◆ **Data section**
____________

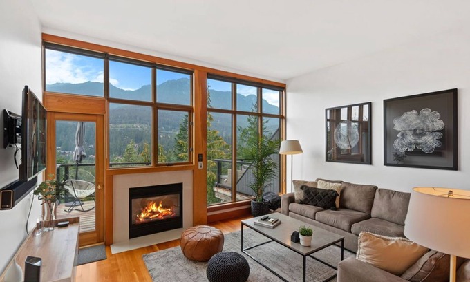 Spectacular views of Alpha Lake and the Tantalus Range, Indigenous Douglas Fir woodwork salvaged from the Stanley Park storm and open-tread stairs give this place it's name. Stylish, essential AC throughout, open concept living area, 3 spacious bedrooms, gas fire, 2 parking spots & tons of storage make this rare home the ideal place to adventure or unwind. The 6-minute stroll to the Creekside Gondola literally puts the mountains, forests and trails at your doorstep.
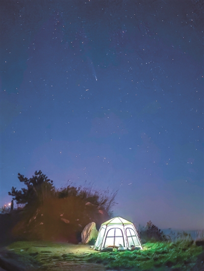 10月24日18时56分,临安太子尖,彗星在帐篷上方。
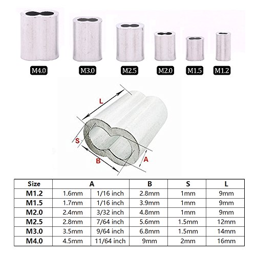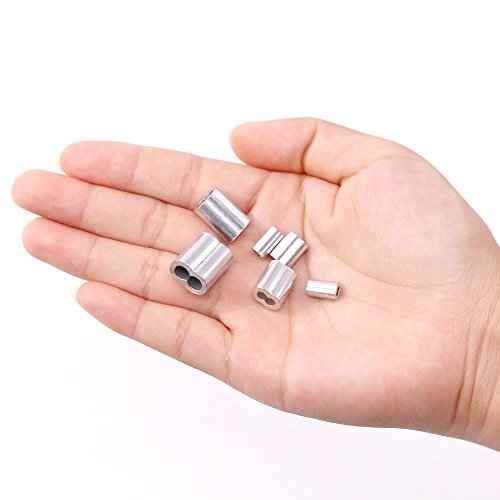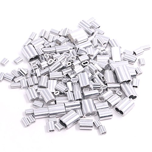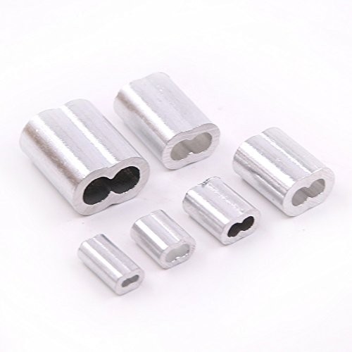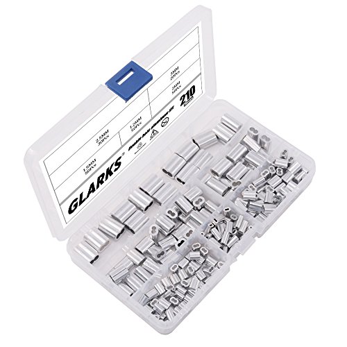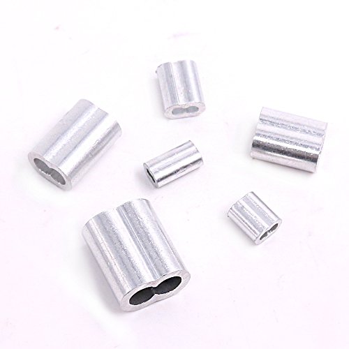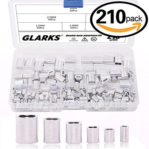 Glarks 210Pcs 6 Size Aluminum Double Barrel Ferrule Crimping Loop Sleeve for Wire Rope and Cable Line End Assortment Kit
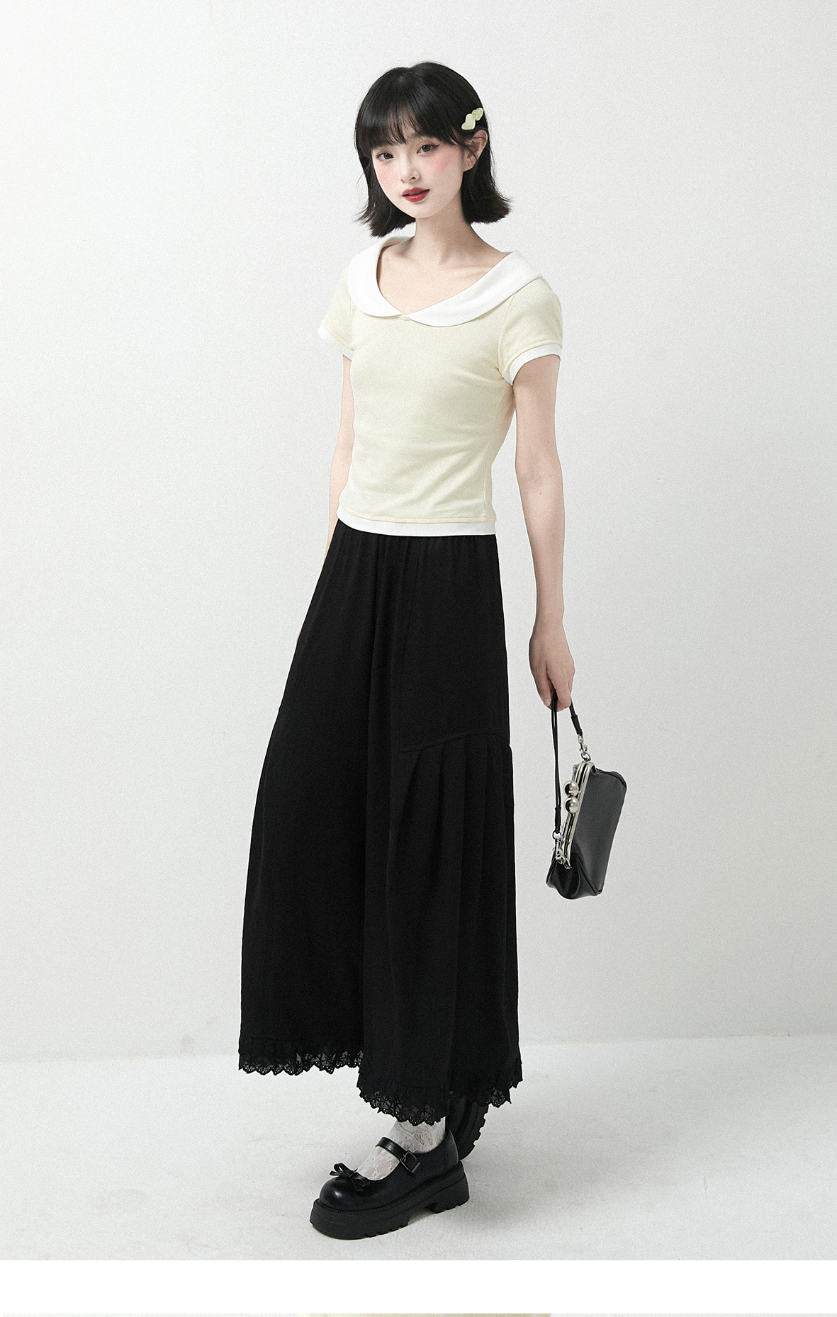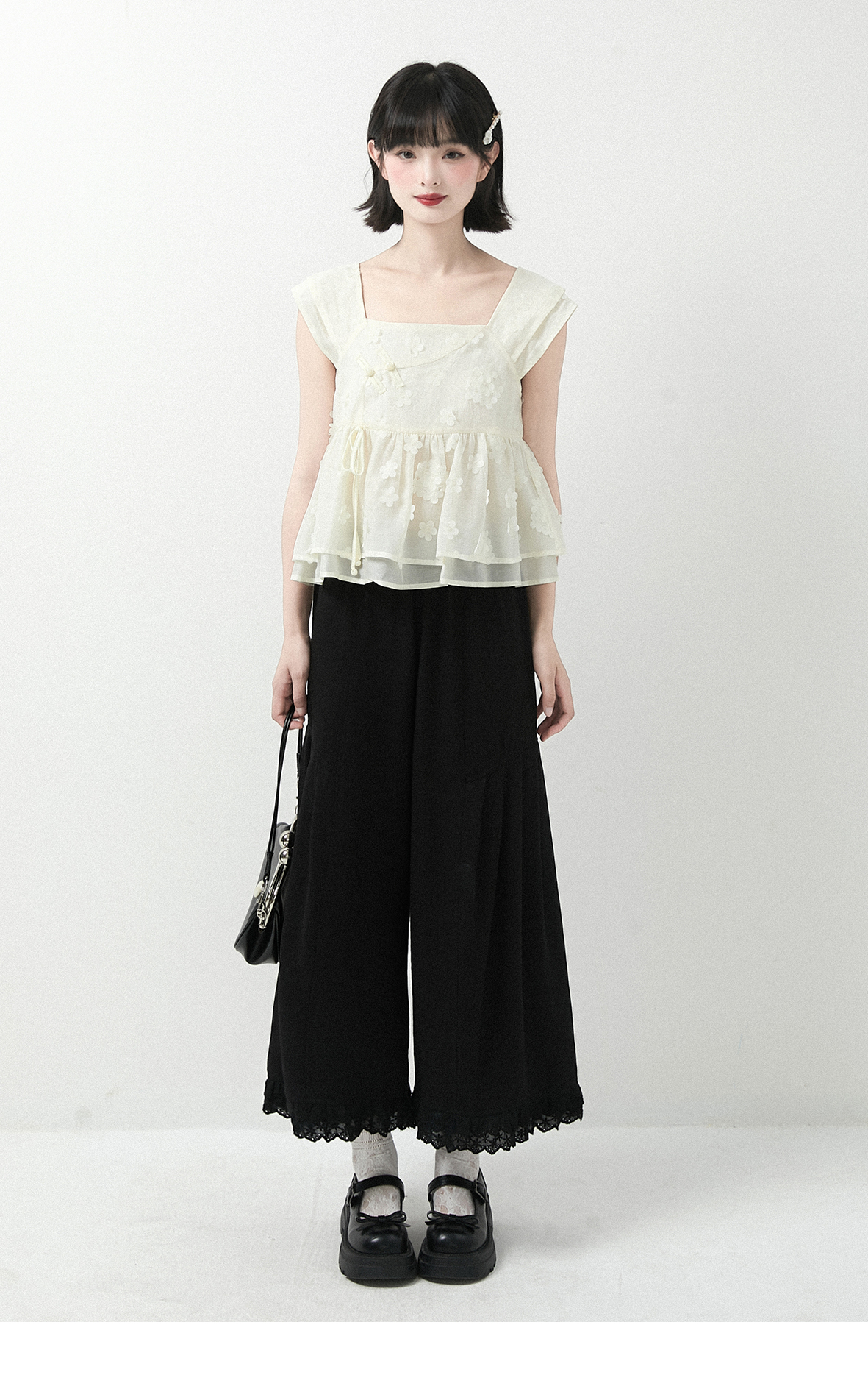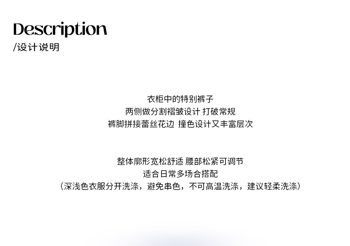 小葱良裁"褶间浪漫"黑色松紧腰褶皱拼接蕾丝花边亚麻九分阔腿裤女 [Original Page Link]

____________

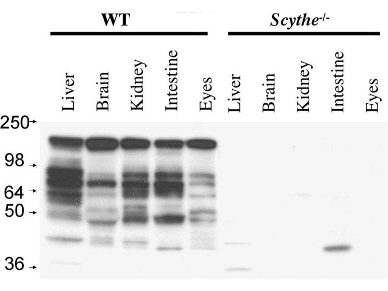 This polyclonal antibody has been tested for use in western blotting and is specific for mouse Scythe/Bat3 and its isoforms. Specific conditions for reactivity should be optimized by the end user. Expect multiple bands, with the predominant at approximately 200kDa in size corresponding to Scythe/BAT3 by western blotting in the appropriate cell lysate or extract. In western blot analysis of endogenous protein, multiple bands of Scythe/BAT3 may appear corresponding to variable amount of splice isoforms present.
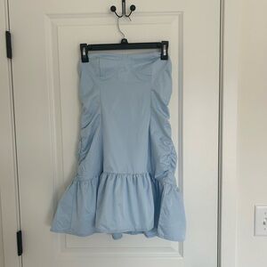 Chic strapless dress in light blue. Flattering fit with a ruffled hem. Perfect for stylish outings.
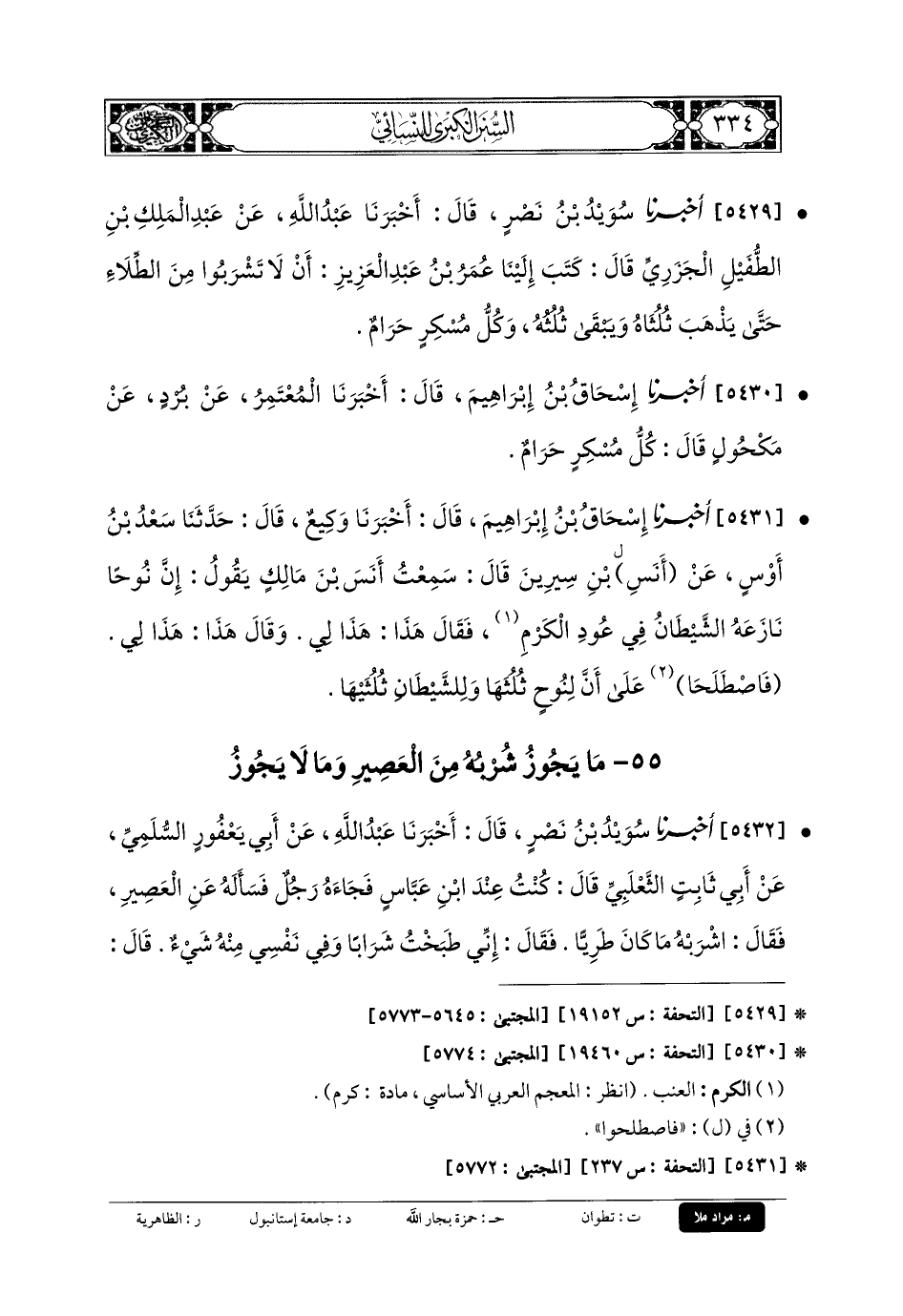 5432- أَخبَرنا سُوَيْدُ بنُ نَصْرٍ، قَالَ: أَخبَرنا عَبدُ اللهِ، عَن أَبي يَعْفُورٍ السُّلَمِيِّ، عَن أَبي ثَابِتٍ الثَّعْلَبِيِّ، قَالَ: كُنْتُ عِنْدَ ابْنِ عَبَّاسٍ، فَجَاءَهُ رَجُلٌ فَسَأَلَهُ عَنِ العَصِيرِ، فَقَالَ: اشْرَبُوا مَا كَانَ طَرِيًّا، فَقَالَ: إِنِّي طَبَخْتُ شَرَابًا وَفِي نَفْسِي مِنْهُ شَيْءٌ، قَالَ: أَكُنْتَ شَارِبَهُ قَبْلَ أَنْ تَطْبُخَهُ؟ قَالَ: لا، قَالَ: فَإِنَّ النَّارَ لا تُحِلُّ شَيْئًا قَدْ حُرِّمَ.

____________

◆ **Work instruction**
Using the data above, return the lines from the one holding "Spectacular views of" through the one holding "[Original Page Link]" exactly, but not the pictures.

◆ **Output for this task**
 Spectacular views of Alpha Lake and the Tantalus Range, Indigenous Douglas Fir woodwork salvaged from the Stanley Park storm and open-tread stairs give this place it's name. Stylish, essential AC throughout, open concept living area, 3 spacious bedrooms, gas fire, 2 parking spots & tons of storage make this rare home the ideal place to adventure or unwind. The 6-minute stroll to the Creekside Gondola literally puts the mountains, forests and trails at your doorstep.
 10月24日18时56分,临安太子尖,彗星在帐篷上方。
 Glarks 210Pcs 6 Size Aluminum Double Barrel Ferrule Crimping Loop Sleeve for Wire Rope and Cable Line End Assortment Kit
 小葱良裁"褶间浪漫"黑色松紧腰褶皱拼接蕾丝花边亚麻九分阔腿裤女 [Original Page Link]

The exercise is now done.